Principal Investigator:Alice L. Yu, M.D., Ph.D.

The breakthrough technology in this proposal is to exploit the use of our “universal” Fn-cancer targeting peptides (FnCTP) as “warhead” for conjugation to various “payloads”, such as bispecific antibody (BsAb), anti-cancer small molecules, liposomal drugs, antisense oligo/siRNA, and CAR-T, etc., to design a new generation of “one-for-all” cancer therapeutics.
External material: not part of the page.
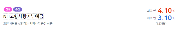정기예금 이율높은곳 농협 고향사랑기부예금

The universal FnCTP technologies can:

    • target toward many different types of cancers;
    • exert low adverse effects to normal cells or tissues;
    • target cancer stem cells.

In this proposal, we plan to develop two new products: FnCTP-conjugated anti-CD3 BsAb (FnCTP-BsAb) as a one-for-all treatment of a broad-spectrum of cancers, and FnCTP-conjugated nanocomplex containing Herceptin (FnCTP-MNC-Herceptin) as a prototype for cancer-targeted drug delivery. After conducting preclinical studies to provide evidence for prove of concept and GLP toxicology studies, we anticipate to submit IND and patent applications and then spin off a startup biotech company through technology transfer, or license agreement with established Pharmaceutical companies.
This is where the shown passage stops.